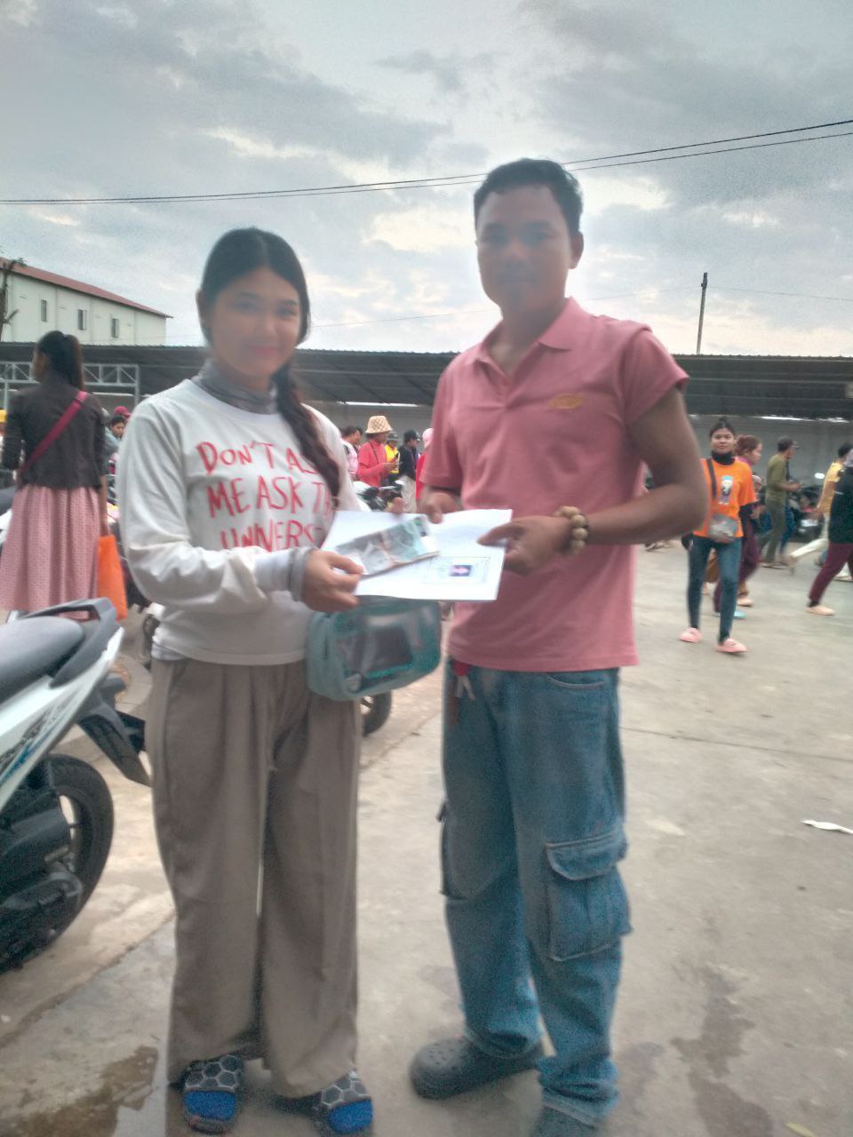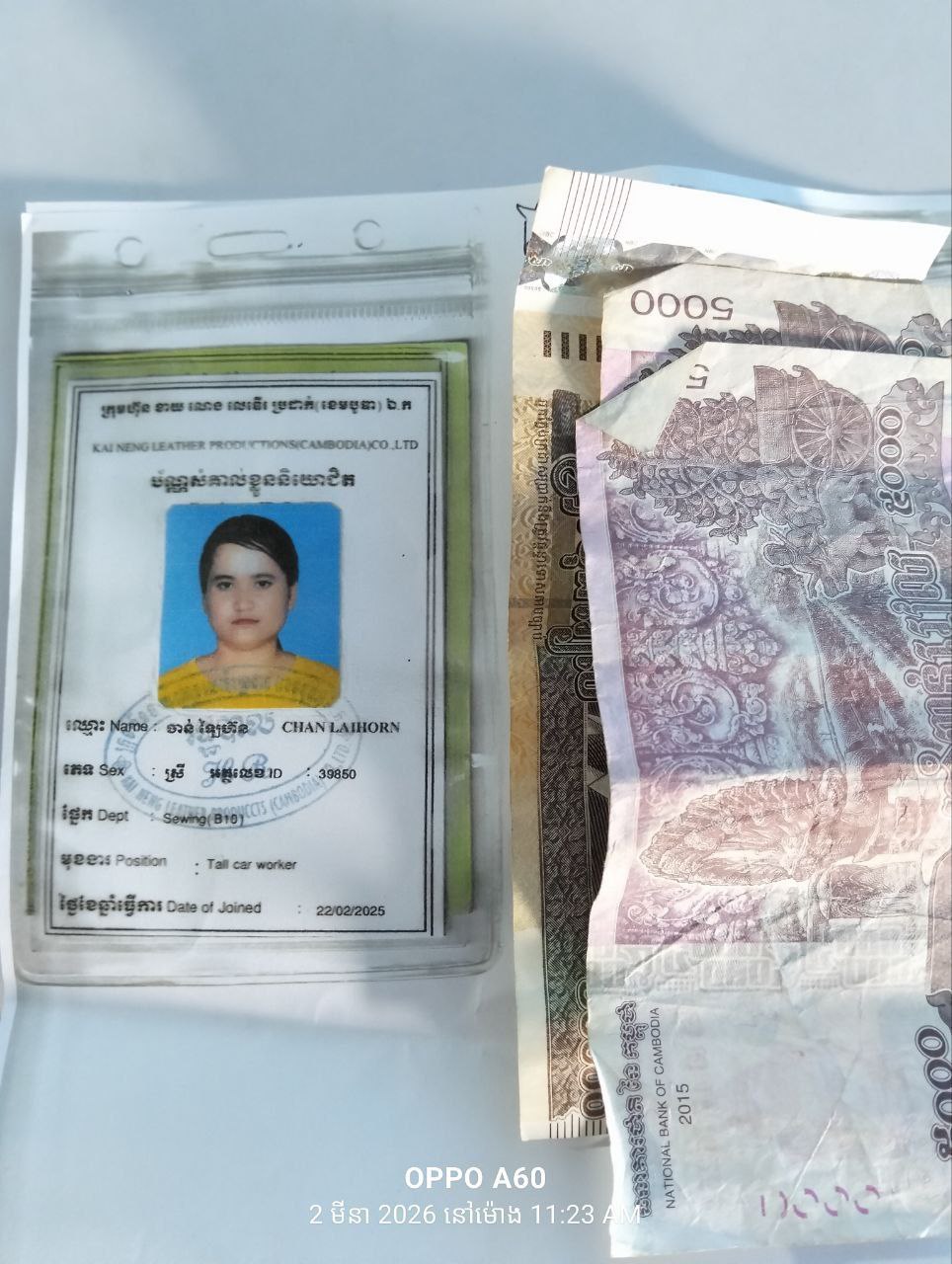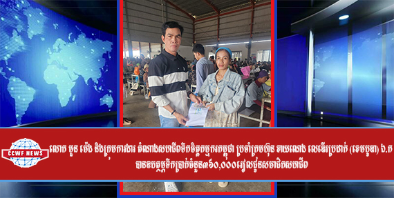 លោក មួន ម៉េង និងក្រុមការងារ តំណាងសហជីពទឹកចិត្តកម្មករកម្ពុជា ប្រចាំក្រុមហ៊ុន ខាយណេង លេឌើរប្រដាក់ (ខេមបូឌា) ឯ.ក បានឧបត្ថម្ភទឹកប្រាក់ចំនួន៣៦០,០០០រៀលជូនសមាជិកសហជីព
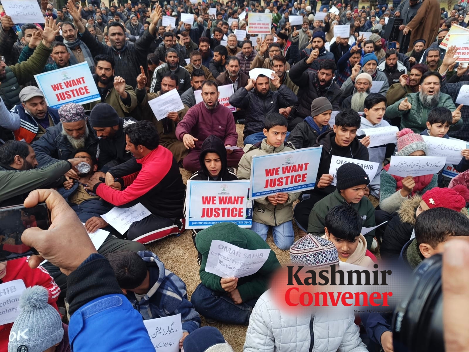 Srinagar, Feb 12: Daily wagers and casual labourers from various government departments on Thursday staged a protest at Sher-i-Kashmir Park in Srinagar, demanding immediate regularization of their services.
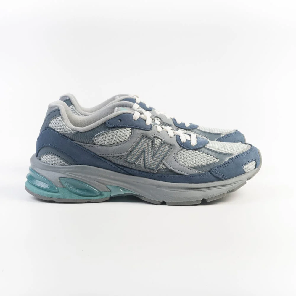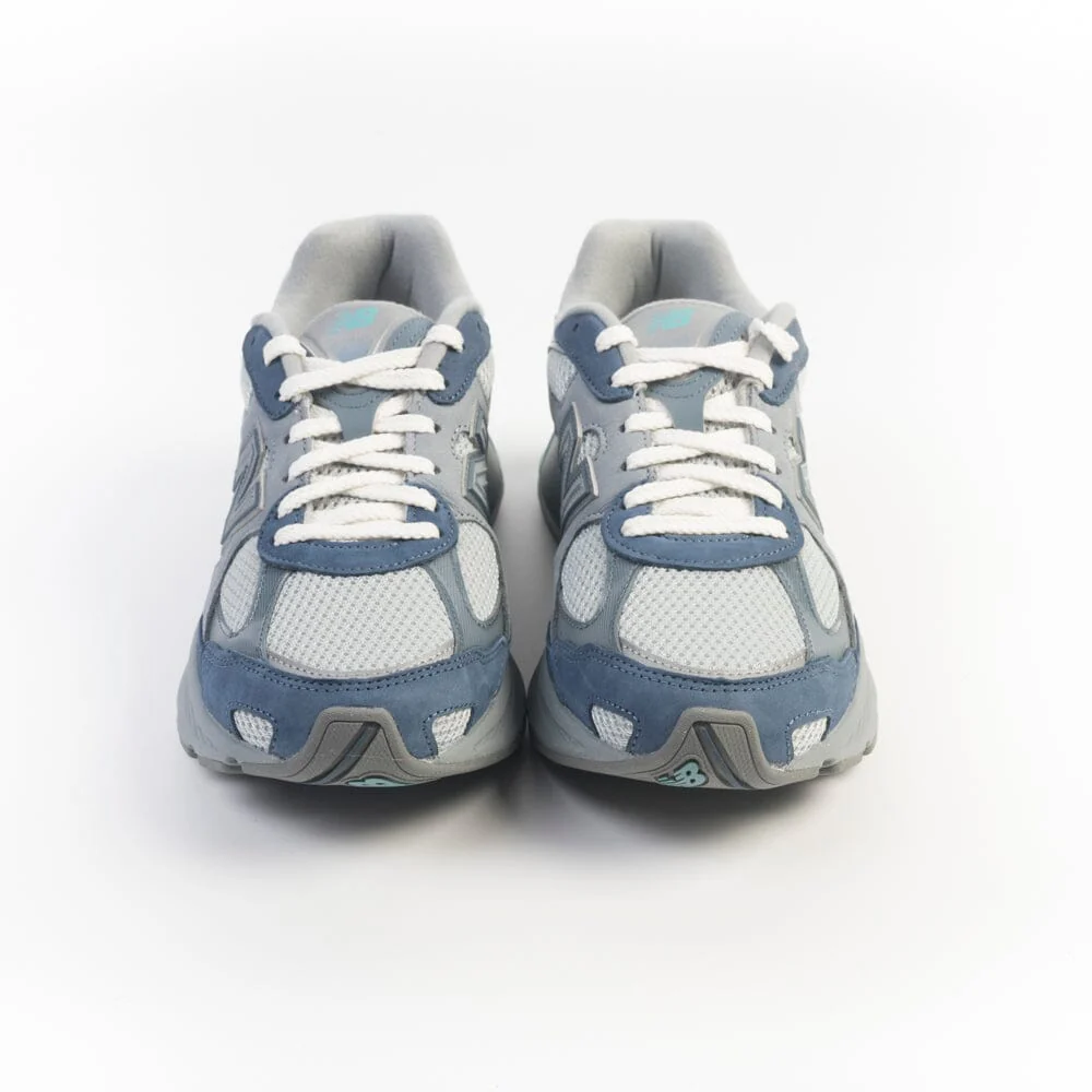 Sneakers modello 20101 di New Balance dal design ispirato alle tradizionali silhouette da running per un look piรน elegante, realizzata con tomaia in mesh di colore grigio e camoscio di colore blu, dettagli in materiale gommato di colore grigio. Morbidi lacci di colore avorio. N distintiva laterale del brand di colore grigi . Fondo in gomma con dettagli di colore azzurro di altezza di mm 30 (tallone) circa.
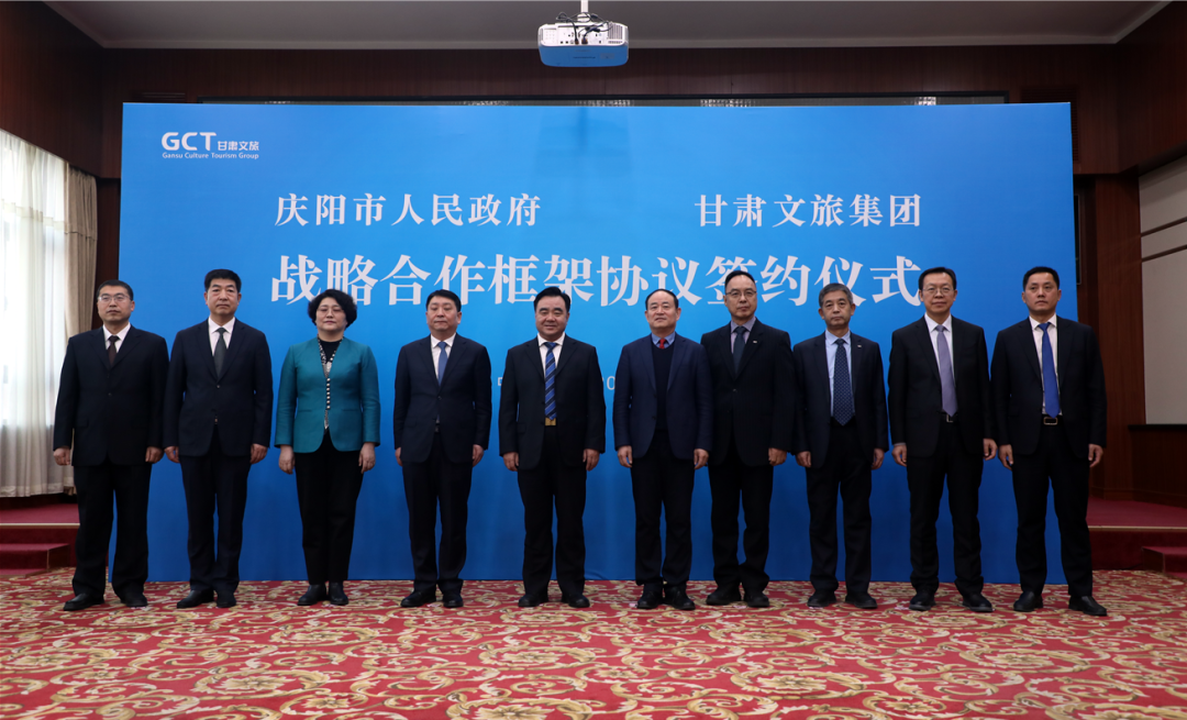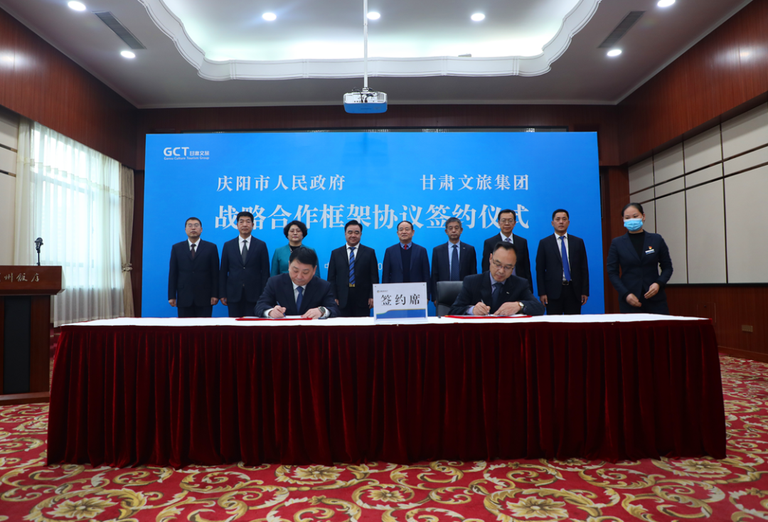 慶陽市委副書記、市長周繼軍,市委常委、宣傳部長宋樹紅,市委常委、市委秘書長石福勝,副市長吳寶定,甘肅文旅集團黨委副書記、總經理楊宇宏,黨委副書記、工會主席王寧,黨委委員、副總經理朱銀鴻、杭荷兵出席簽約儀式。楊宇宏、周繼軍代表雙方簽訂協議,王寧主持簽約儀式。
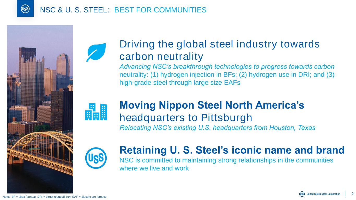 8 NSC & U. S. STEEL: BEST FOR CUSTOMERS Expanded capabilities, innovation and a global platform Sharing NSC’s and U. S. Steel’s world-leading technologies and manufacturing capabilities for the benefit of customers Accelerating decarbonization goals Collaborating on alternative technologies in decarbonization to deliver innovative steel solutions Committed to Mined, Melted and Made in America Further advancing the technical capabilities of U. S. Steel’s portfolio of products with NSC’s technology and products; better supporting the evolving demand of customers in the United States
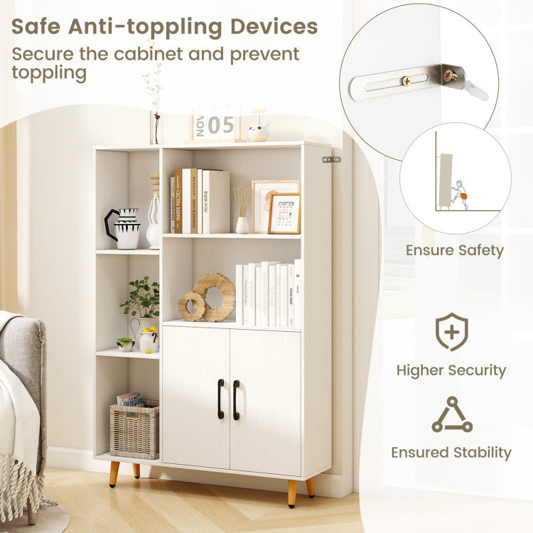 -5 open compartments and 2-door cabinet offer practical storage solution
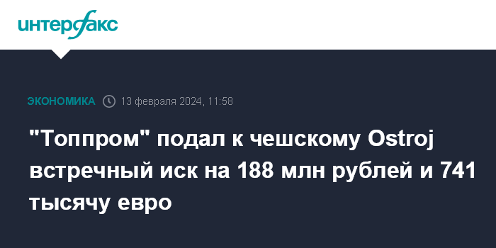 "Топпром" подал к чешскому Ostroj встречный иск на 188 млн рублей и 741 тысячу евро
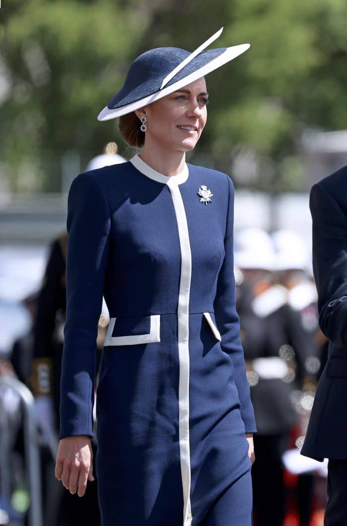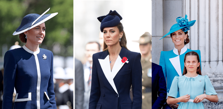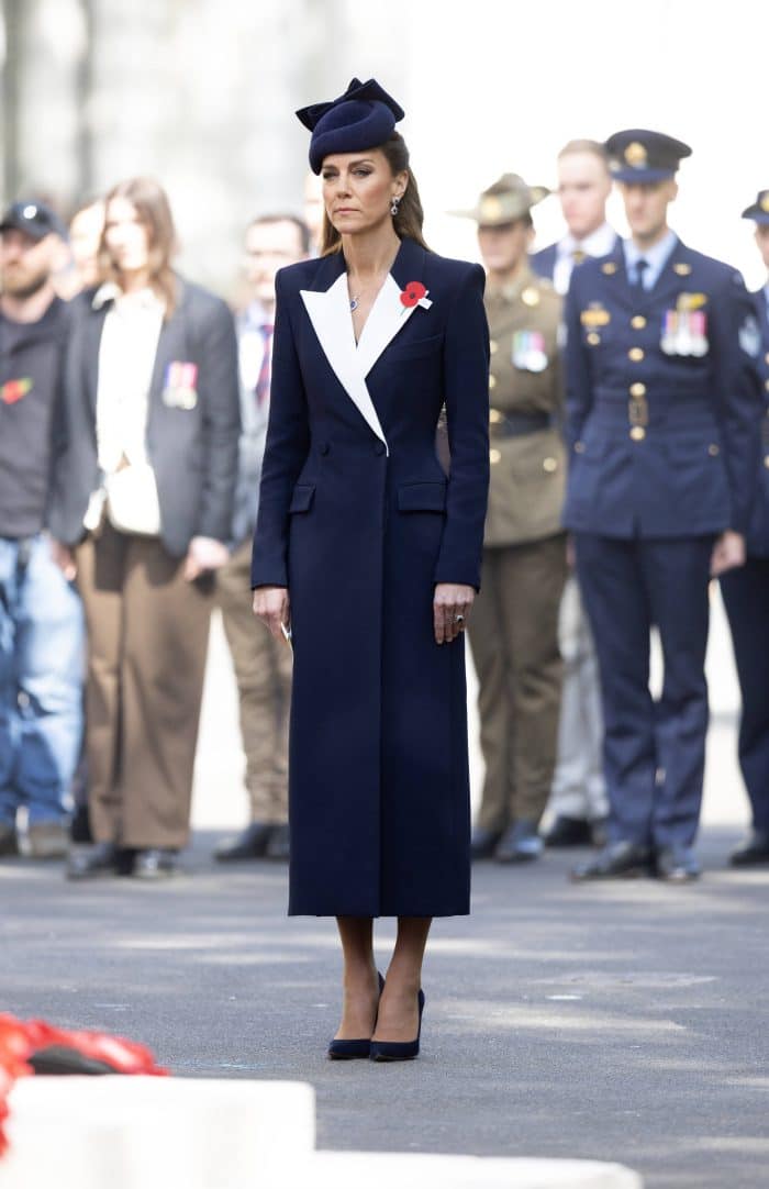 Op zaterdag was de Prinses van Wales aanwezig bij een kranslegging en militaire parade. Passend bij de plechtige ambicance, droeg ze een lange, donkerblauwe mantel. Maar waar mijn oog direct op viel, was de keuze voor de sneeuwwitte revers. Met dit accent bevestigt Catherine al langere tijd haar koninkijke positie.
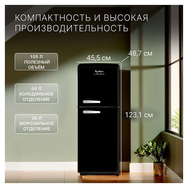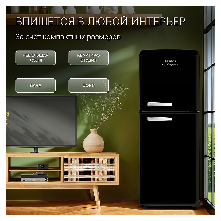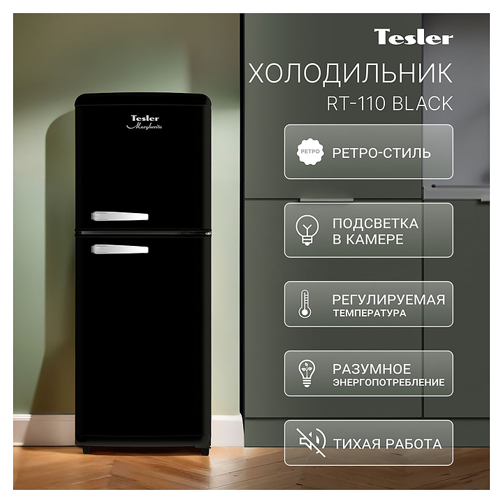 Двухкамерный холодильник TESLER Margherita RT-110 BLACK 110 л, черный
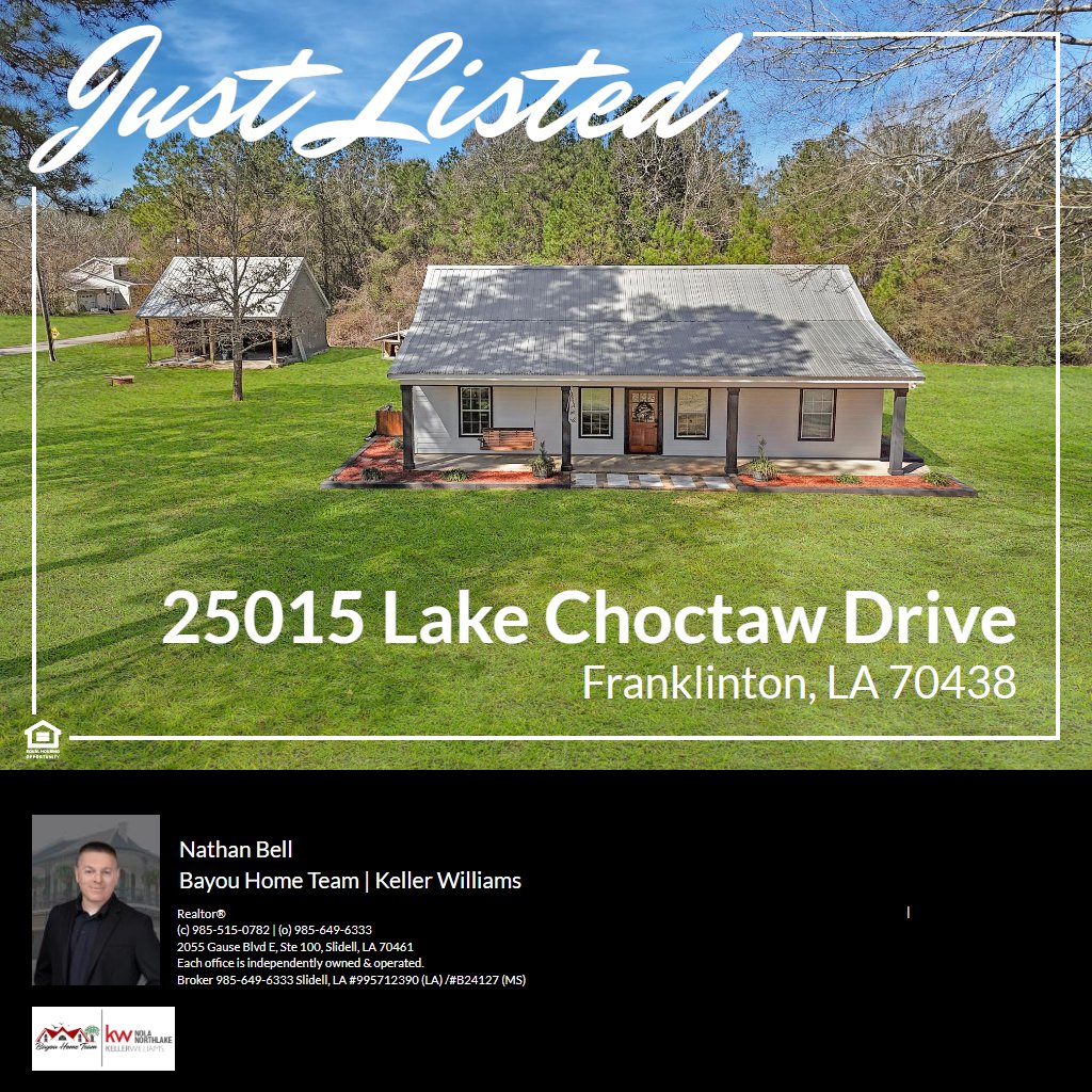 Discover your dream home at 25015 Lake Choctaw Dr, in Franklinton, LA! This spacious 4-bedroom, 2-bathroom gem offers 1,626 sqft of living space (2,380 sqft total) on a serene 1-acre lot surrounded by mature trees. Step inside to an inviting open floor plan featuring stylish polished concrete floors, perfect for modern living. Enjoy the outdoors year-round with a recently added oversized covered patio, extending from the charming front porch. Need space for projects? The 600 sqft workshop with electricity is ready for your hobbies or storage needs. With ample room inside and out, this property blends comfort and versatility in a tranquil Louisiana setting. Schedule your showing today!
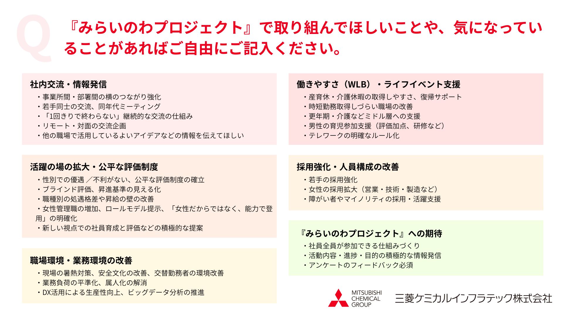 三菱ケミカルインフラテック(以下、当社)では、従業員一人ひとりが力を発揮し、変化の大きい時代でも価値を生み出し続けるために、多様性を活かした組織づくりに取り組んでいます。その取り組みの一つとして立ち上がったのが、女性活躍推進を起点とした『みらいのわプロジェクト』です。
━━━
Transcribe exactly the portion of the material above that runs from the line containing "-5 open compartments" through its last line, omitting all pictures.

_Your solution:_
 -5 open compartments and 2-door cabinet offer practical storage solution
 "Топпром" подал к чешскому Ostroj встречный иск на 188 млн рублей и 741 тысячу евро
 Op zaterdag was de Prinses van Wales aanwezig bij een kranslegging en militaire parade. Passend bij de plechtige ambicance, droeg ze een lange, donkerblauwe mantel. Maar waar mijn oog direct op viel, was de keuze voor de sneeuwwitte revers. Met dit accent bevestigt Catherine al langere tijd haar koninkijke positie.
 Двухкамерный холодильник TESLER Margherita RT-110 BLACK 110 л, черный
 Discover your dream home at 25015 Lake Choctaw Dr, in Franklinton, LA! This spacious 4-bedroom, 2-bathroom gem offers 1,626 sqft of living space (2,380 sqft total) on a serene 1-acre lot surrounded by mature trees. Step inside to an inviting open floor plan featuring stylish polished concrete floors, perfect for modern living. Enjoy the outdoors year-round with a recently added oversized covered patio, extending from the charming front porch. Need space for projects? The 600 sqft workshop with electricity is ready for your hobbies or storage needs. With ample room inside and out, this property blends comfort and versatility in a tranquil Louisiana setting. Schedule your showing today!
 三菱ケミカルインフラテック(以下、当社)では、従業員一人ひとりが力を発揮し、変化の大きい時代でも価値を生み出し続けるために、多様性を活かした組織づくりに取り組んでいます。その取り組みの一つとして立ち上がったのが、女性活躍推進を起点とした『みらいのわプロジェクト』です。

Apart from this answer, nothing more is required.